§ **TASK DIRECTIONS**
Would you write out the lines below exactly, from the one containing "Построитель лазерный ПЛ-4Х360ШС" to the very last, but without the pictures?

· · · ·

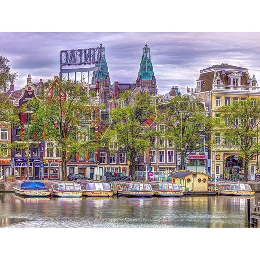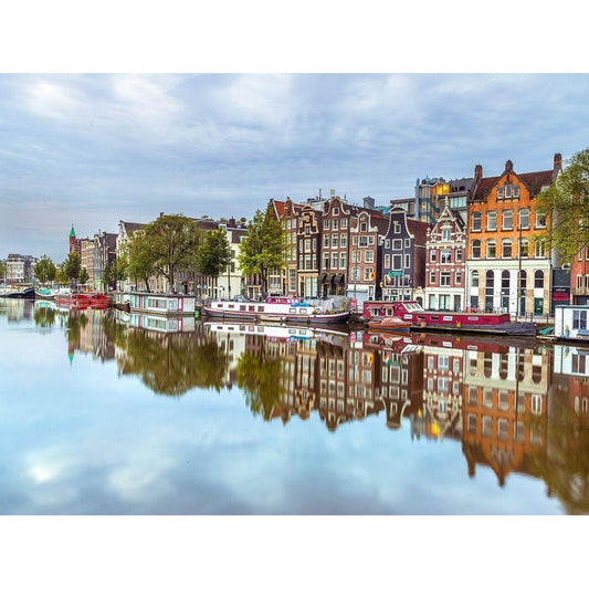 Amsterdam waterfront Black Modern Wood Framed Art Print with Double Matting by Frank, Assaf
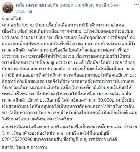 บิณฑ์ กลั้นน้ำตาไม่อยู่ มอบเงิน 1000 ช่วยเหลือหนูน้อย
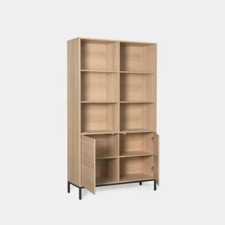 Transforma cualquier espacio de tu hogar con la estantería alta Remi, acabada en madera color natural y patas metálicas negras. Sus puertas y estantes ofrecen un amplio espacio de almacenamiento para organizar todos tus libros, objetos personales y accesorios de forma ordenada, manteniendo algunos elementos a la vista y otros guardados. Combínala con otras piezas de la colección para crear un ambiente elegante y práctico.
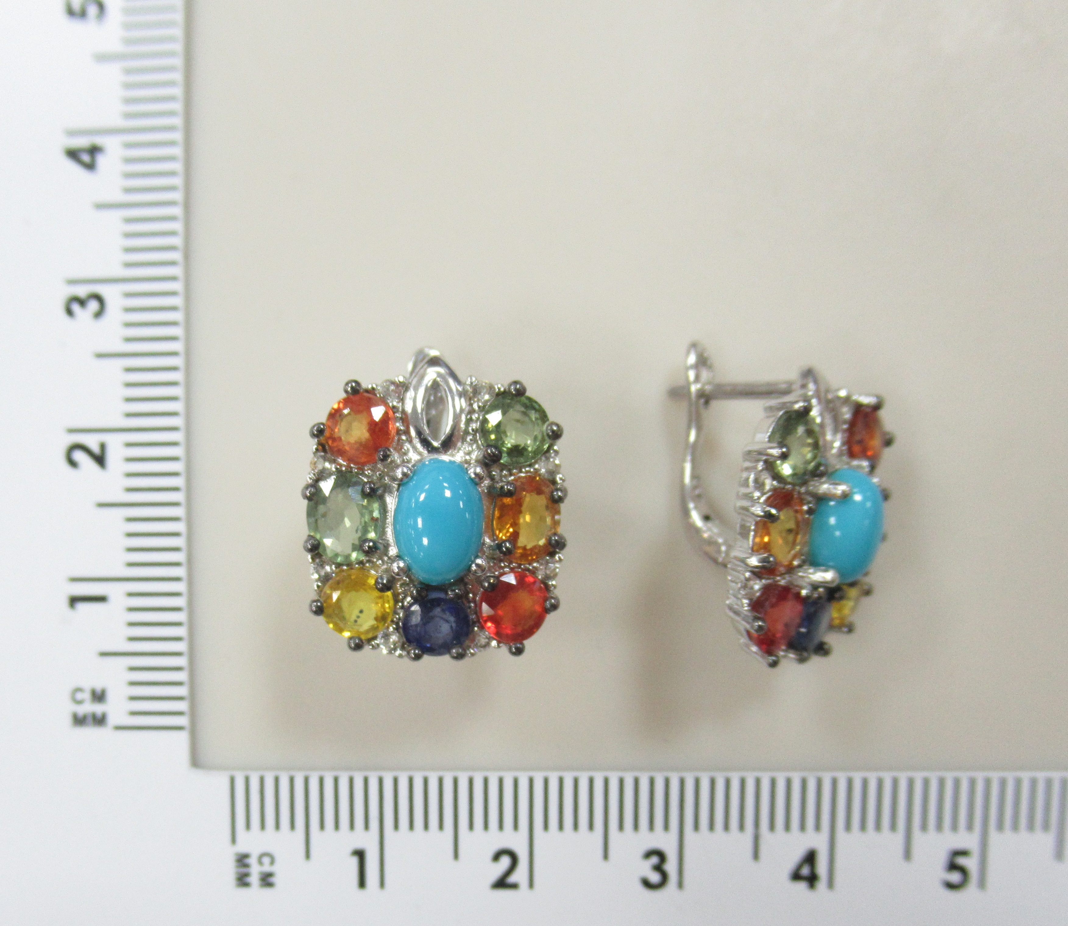 Серебряные серьги с бирюзой и мультисапфирами
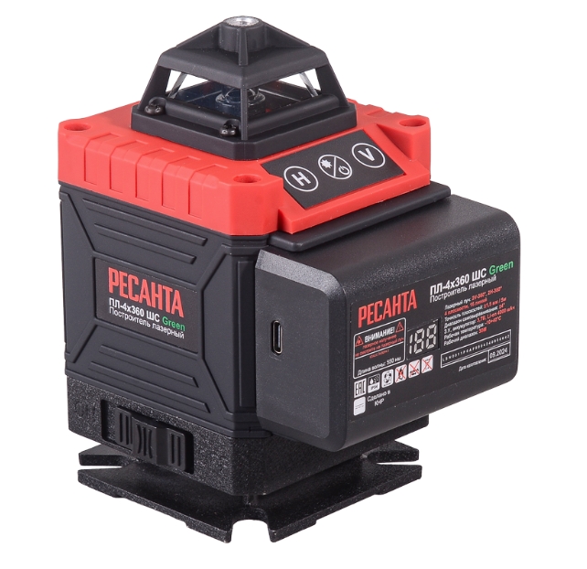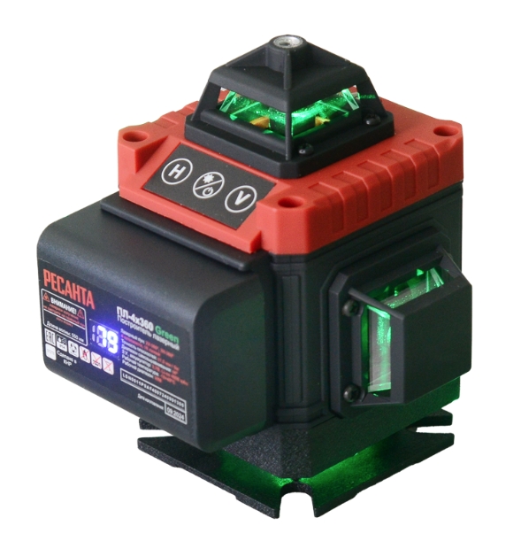 Построитель лазерный ПЛ-4Х360ШС Green Ресанта - измерительный прибор, который позволяет выполнять измерительные задачи в строительстве: построение горизонтальной и вертикальной плоскостей для выверки и контроля правильности взаимного расположения плоскостей, установки угла в 90 градусов между плоскостями. Прибор позволяет контролировать неровность поверхности относительно горизонта и перпендикулярной плоскости.
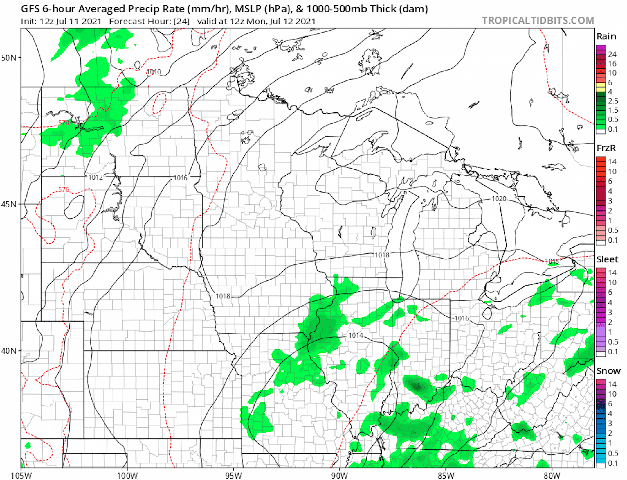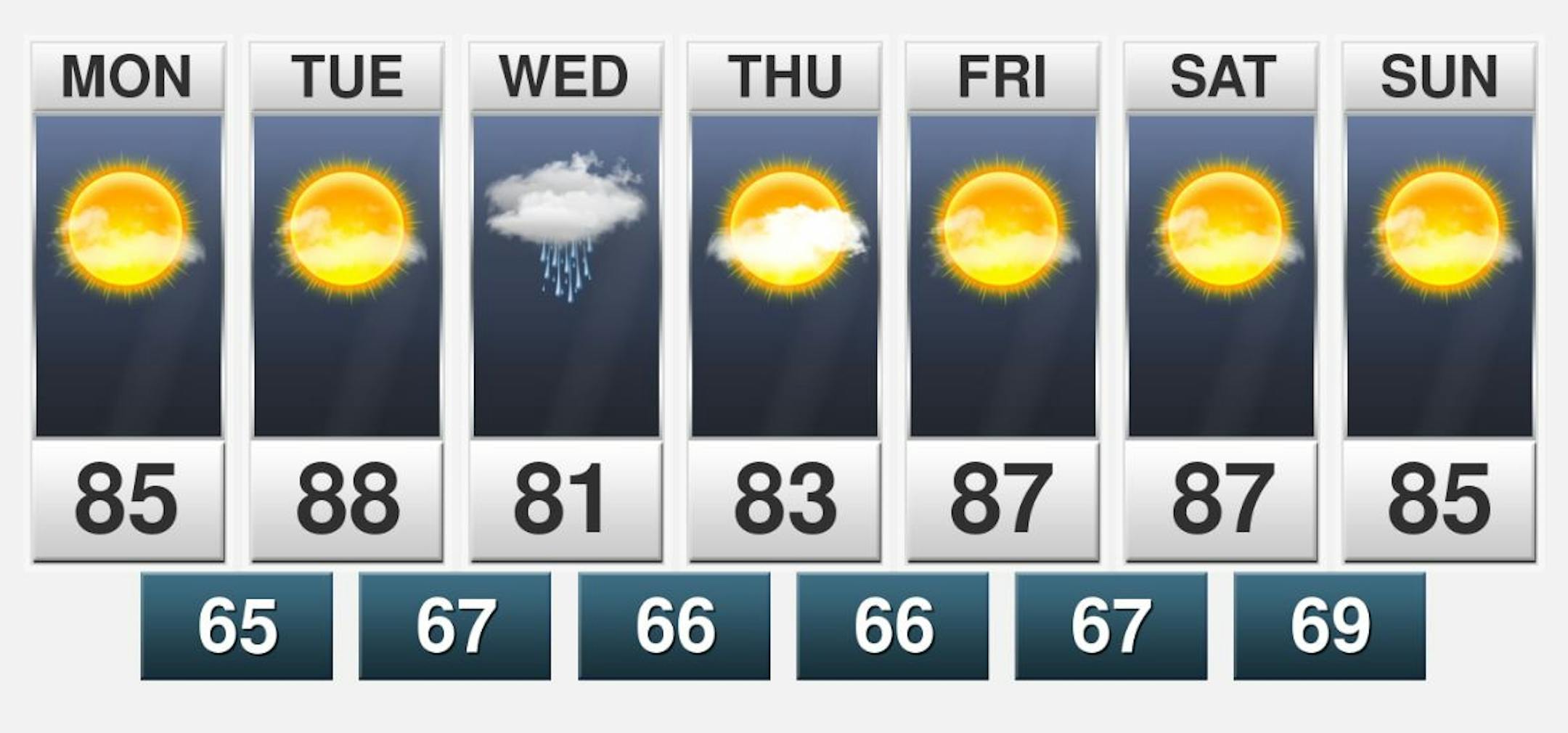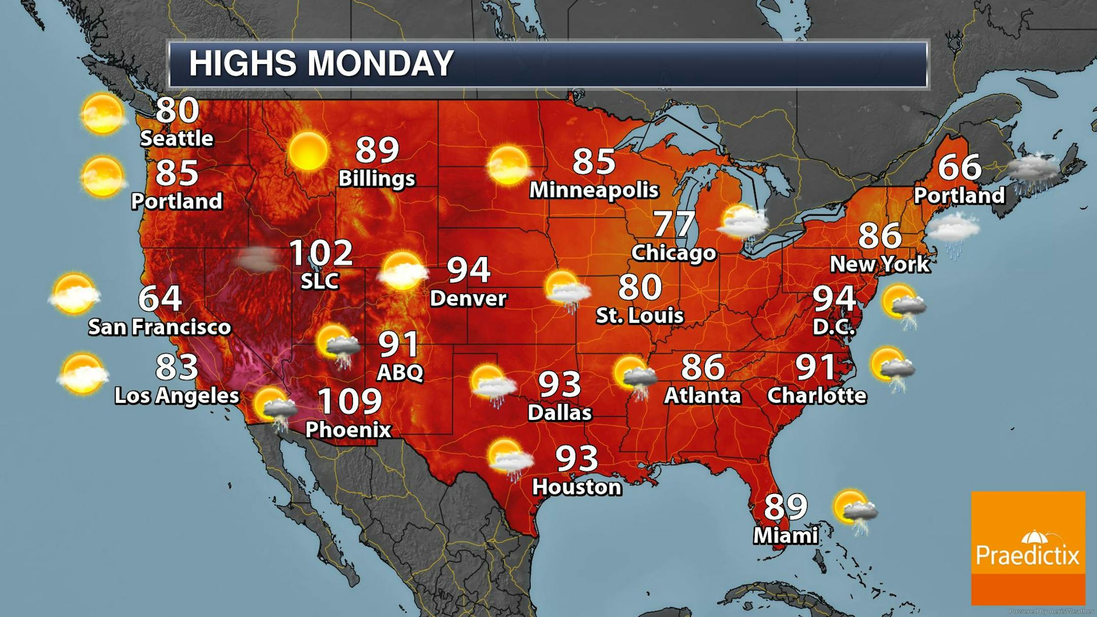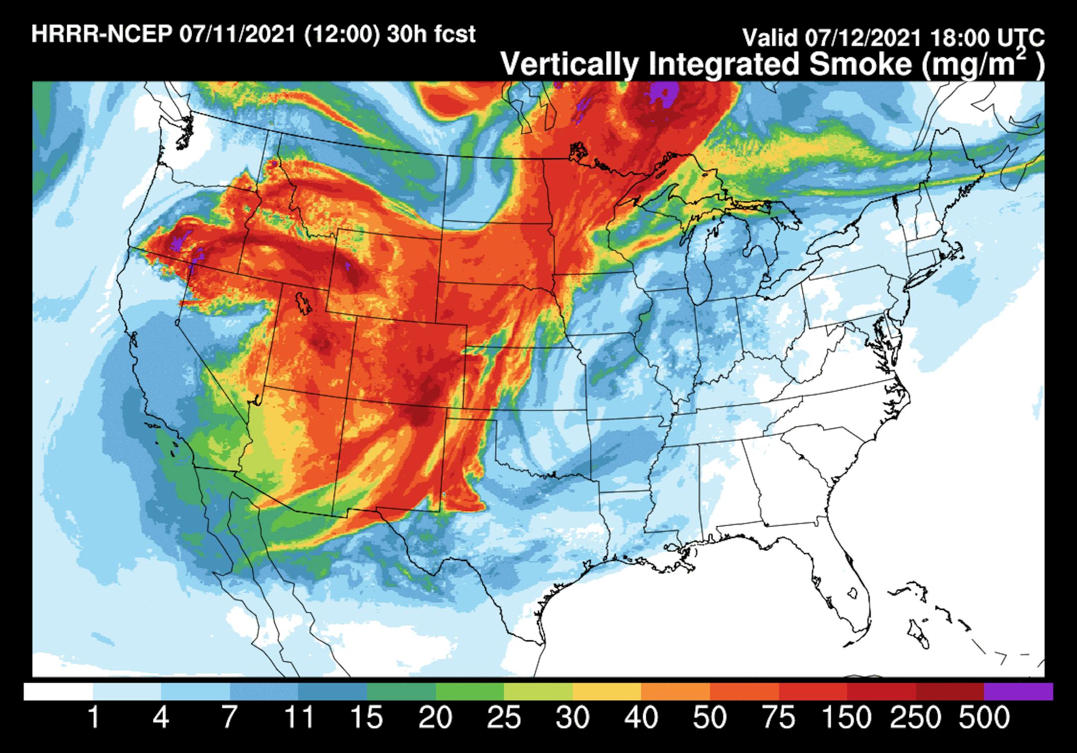 Here is NOAA's HRRR smoke analysis forecast for midday Monday and note the brighter red areas across the Western US and into the Midwest, this is where hazy/smoky skies will be found once again. Sunrise & sunsets will appear quite red/orange in these areas.

· · · ·

§ **ANSWER BOX**
 Построитель лазерный ПЛ-4Х360ШС Green Ресанта - измерительный прибор, который позволяет выполнять измерительные задачи в строительстве: построение горизонтальной и вертикальной плоскостей для выверки и контроля правильности взаимного расположения плоскостей, установки угла в 90 градусов между плоскостями. Прибор позволяет контролировать неровность поверхности относительно горизонта и перпендикулярной плоскости.
 Here is NOAA's HRRR smoke analysis forecast for midday Monday and note the brighter red areas across the Western US and into the Midwest, this is where hazy/smoky skies will be found once again. Sunrise & sunsets will appear quite red/orange in these areas.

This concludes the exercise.